> _Your task_
Take the line that holds "A Mikulás és" and every line after it to the end of the entries, and repeat them exactly without the pictures.

> _Records contained in a dataset_
##########
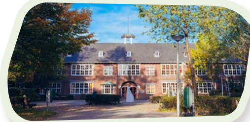
📍 Bovenbouw De Stichtse Vrije School
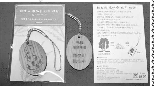
桐生山 鳳仙寺 巳年根付け

第14回写経の会開催のご案内です。鳳仙寺では年2回行っている恒例の行事です。開催日である2月15日は、涅槃会(ねはんえ)です。涅槃会とはお釈迦様が亡くなりになった日です。当日は、涅槃会の法要を行った後に、写経を行う予定です。皆さまのご参加をお待ちしております。 ■日時 平成25年2月15日(金) 13時より ■人数 30名くらい ※鳳仙寺婦人会の皆さんも一緒に参加します。
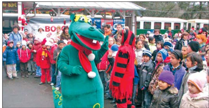
A Mikulás és a krampuszok mellett Süssü várta a gyerekeket idén a Mesebirodalomban.

Az idei utolsó Mikulásvonatra is ki lehetett volna tenni a „Megtelt” táblát. A gyerekeknek már az út is nagy élmény volt, hát még az állomáson tapasztaltak. Az utolsó vonatkozás előtt a szervezők köszönetet mondtak a támogatóknak és mindazoknak, akik segítettek a programsorozat létrejöttében.
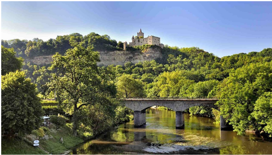
Blick zur Rudelsburg und auf Saale
##########
> _Solution_
A Mikulás és a krampuszok mellett Süssü várta a gyerekeket idén a Mesebirodalomban.

Az idei utolsó Mikulásvonatra is ki lehetett volna tenni a „Megtelt” táblát. A gyerekeknek már az út is nagy élmény volt, hát még az állomáson tapasztaltak. Az utolsó vonatkozás előtt a szervezők köszönetet mondtak a támogatóknak és mindazoknak, akik segítettek a programsorozat létrejöttében.
Blick zur Rudelsburg und auf Saale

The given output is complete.